The full benchmark is live at yhzhu99.github.io/ehr-llm-benchmark if you want to dig into the numbers yourself.

References

  1. Zhu, Y., Gao, J., Wang, Z., et al. (2026). ClinicRealm: Re-evaluating large language models with conventional machine learning for non-generative clinical prediction tasks. NPJ Digital Medicine. DOI: 10.1038/s41746-026-02539-z. PMID: 41951858.

  2. Brown, K.E., Yan, C., Li, Z., et al. (2025). Large language models are less effective at clinical prediction tasks than locally trained machine learning models. JAMIA, 32(5), 811. DOI: 10.1093/jamia/ocaf038.

  3. Chen, C., Yu, J., Chen, S., et al. (2024). ClinicalBench: Can LLMs Beat Traditional ML Models in Clinical Prediction? arXiv: 2411.06469.

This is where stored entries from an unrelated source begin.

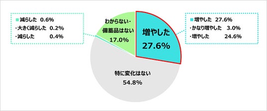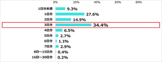 備蓄の増加量は3日分が最多(34.4%)だった。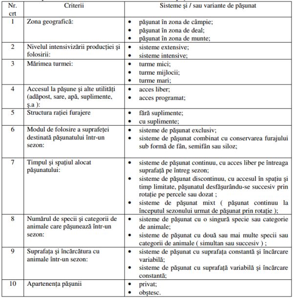 Principalele criterii de clasificare ale sistemelor de pasunat constau in: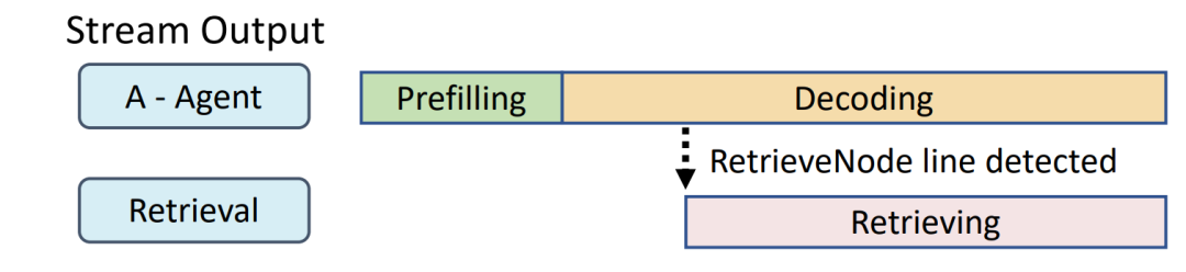 如图9所示,该策略的核心思想是将检索器执行过程与动作智能体的第二阶段流水线化。绿色部分代表LLM的预填充阶段,黄色部分对应初始解码阶段(包含RetrieveNode函数调用的解码)。一旦该调用被解码,系统立即触发检索过程。当检索器执行时(粉色段所示),LLM同时解码剩余token。虚线箭头展示了检索执行与token生成的重叠区域,这种重叠正是流水线策略的基础,能有效隐藏检索延迟并提升多智能体执行的整体吞吐量。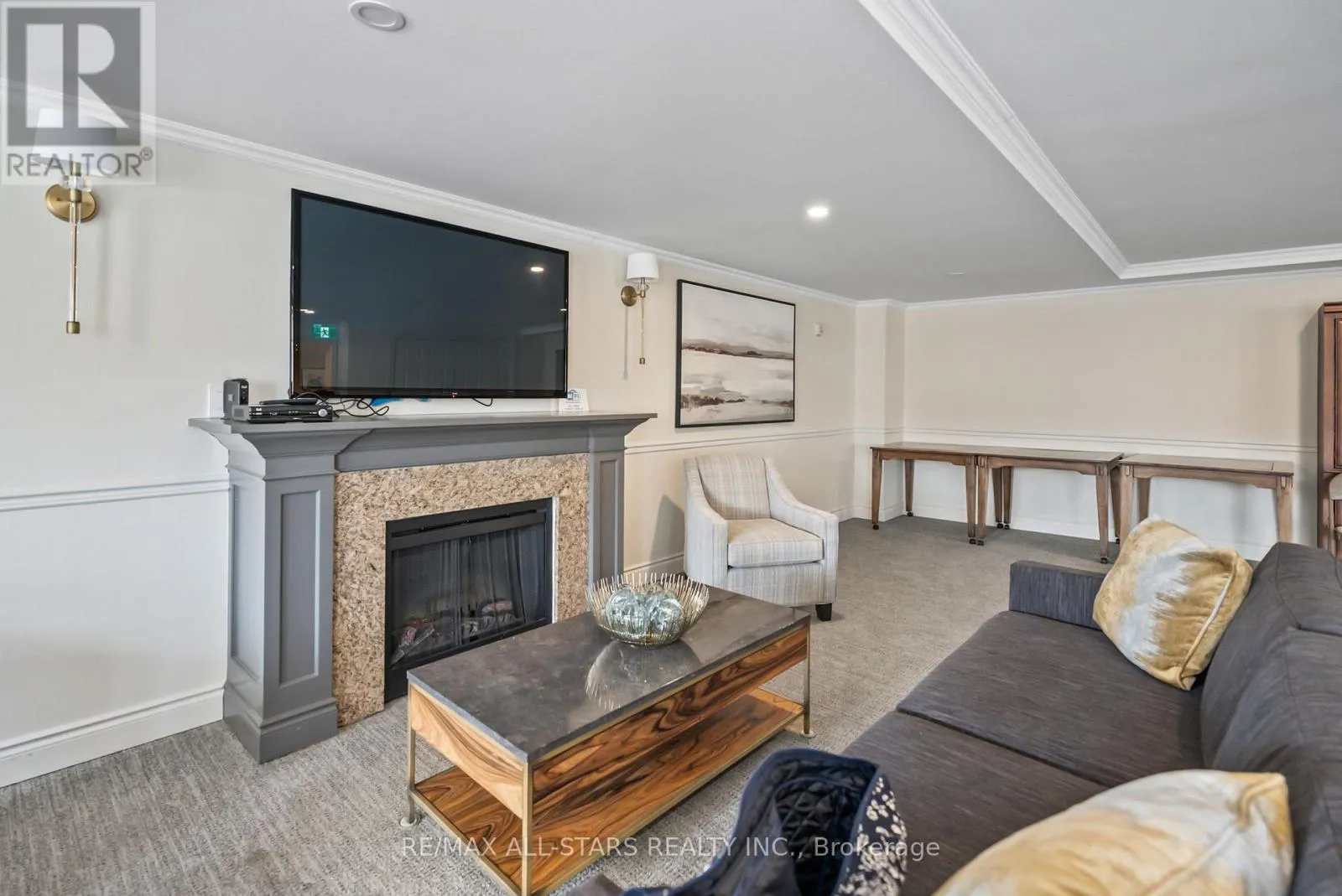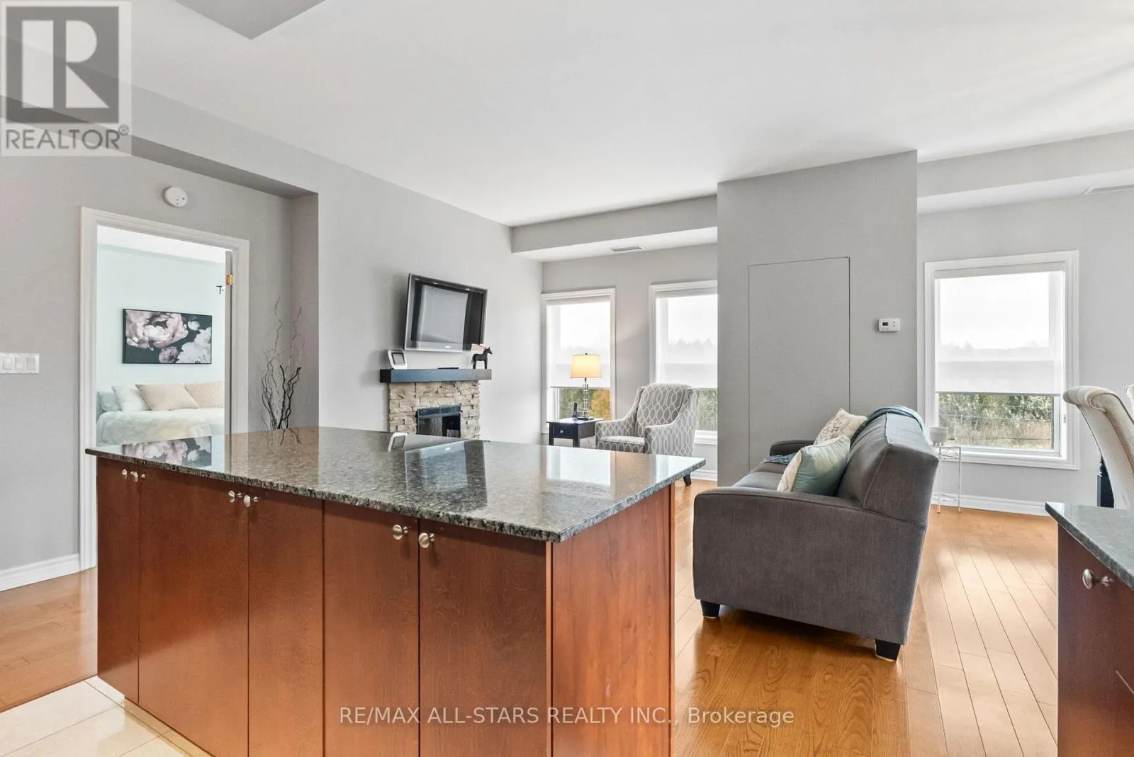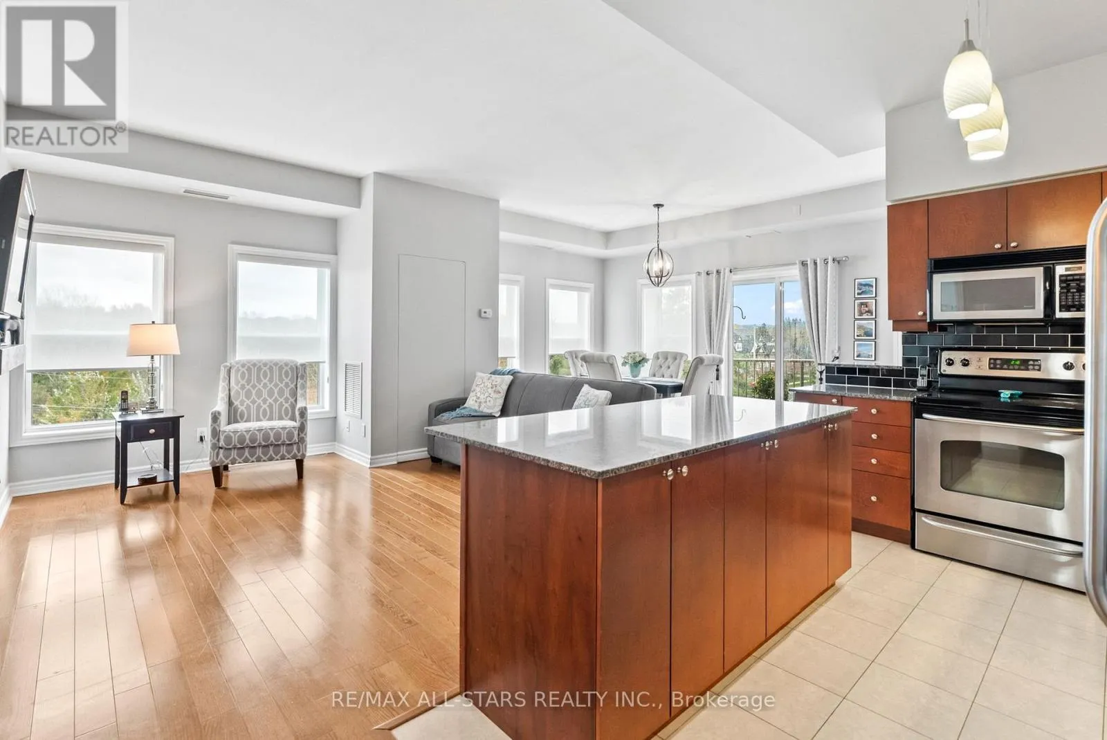 Cross Streets: Toronto St and Campbell Dr. ** Directions: Toronto St to Campbell Drive and Left onto James Hill Crt. Visitor Parking is near the front of the building and to the North side. Welcome to Bridgewater Condominiums! This beautifully maintained 3rd-floor corner unit offers 1,131 sq. ft. (per MPAC) of stylish, comfortable living with 9' ceilings, two bedrooms, and two full baths. Enjoy the convenience of two deeded underground storage lockers and a premium, wide parking space with walls on each side. Condo fees of $767.95 include water (including hot water) and common elements.Step inside the Unit to a spacious foyer featuring a stylish sliding door for pantry storage and a front hall closet. The warm, inviting kitchen boasts granite countertops, a black subway tile backsplash, and stainless steel appliances (Dishwasher 2022). The bright eat-in dining area and cozy reading nook are filled with natural light from large windows and a patio slider leading to your private balcony. The open living area features an electric fireplace, perfect for relaxing or entertaining.The large primary suite easily accommodates a king-sized bed and includes two closets, with organizers, and a 4-piece ensuite with a walk-in shower and tub. The second bedroom offers a generous closet, while the updated second full bath (2021) includes a Bath Fitter walk-in shower and in-suite laundry with washer and dryer (2021). Custom roller shades (2020) and abundant storage throughout complete this move-in-ready condo. Bridgewater residents enjoy a lively community with social gatherings and amenities including a grand lobby, secure entrance, party/recreation room with kitchen, car wash and workshop areas, garbage chute on each floor, visitor parking, and a gazebo with BBQ. A rare find offering comfort, community, and convenience-all in one exceptional package! See Features attached to Listing! Rare 2 Storage Units deeded with unit. (id:27476)

  4. Redekop, E., Wang, Z., et al. (2025). Zero-shot Medical Event Prediction Using a Generative Pre-trained Transformer on Electronic Health Records. JAMIA, 32(12), 1833. arXiv: 2503.05893. PMID: 41060255.

  5. Koretsky, S., et al. (2024). Zero shot health trajectory prediction using transformer. NPJ Digital Medicine. DOI: 10.1038/s41746-024-01235-0.

  6. "Not the Models You Are Looking For: Traditional ML Outperforms LLMs in Clinical Prediction Tasks." medRxiv, 2024. DOI: 10.1101/2024.12.03.24318400.

Disclaimer: This blog post is a simplified summary of published research for educational purposes. The accompanying illustration is artistic and does not depict actual model architectures, data, or experimental results. Always refer to the original paper for technical details.